If a curve $$y = f(x)$$ passes through the point (1, 2) and satisfies $$x\frac{dy}{dx} + y = bx^4$$, then for what value of $$b$$, $$\int_1^2 f(x)dx = \frac{62}{5}$$?

The curve $$y = f(x)$$ passes through $$(1, 2)$$ and satisfies the differential equation $$x\frac{dy}{dx} + y = bx^4$$.

The left side can be written as $$\frac{d}{dx}(xy) = bx^4$$. Integrating both sides with respect to $$x$$, we get $$xy = \frac{bx^5}{5} + C$$.

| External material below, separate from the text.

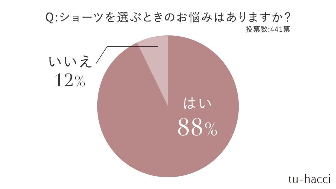 ショーツのお悩みに関するアンケートを、tu-hacci公式Instagramで実施。88%の方がショーツ選びで「悩んでいる」と回答しました。

Using the initial condition $$f(1) = 2$$: $$1 \cdot 2 = \frac{b}{5} + C$$, so $$C = 2 - \frac{b}{5}$$.

Therefore, $$xy = \frac{bx^5}{5} + 2 - \frac{b}{5}$$, which gives $$f(x) = \frac{bx^4}{5} + \frac{2 - \frac{b}{5}}{x}$$.

Now we compute $$\int_1^2 f(x)\,dx = \int_1^2 \left[\frac{bx^4}{5} + \frac{(2 - \frac{b}{5})}{x}\right]dx = \left[\frac{bx^5}{25} + \left(2 - \frac{b}{5}\right)\ln x\right]_1^2$$.

Evaluating: $$= \frac{32b}{25} - \frac{b}{25} + \left(2 - \frac{b}{5}\right)\ln 2 = \frac{31b}{25} + \left(2 - \frac{b}{5}\right)\ln 2$$.

Setting this equal to $$\frac{62}{5}$$: $$\frac{31b}{25} + \left(2 - \frac{b}{5}\right)\ln 2 = \frac{62}{5}$$. For this to hold without a logarithmic term, we need $$2 - \frac{b}{5} = 0$$, giving $$b = 10$$. Then $$\frac{31 \cdot 10}{25} = \frac{310}{25} = \frac{62}{5}$$, which confirms the equation.

Therefore, $$b = 10$$.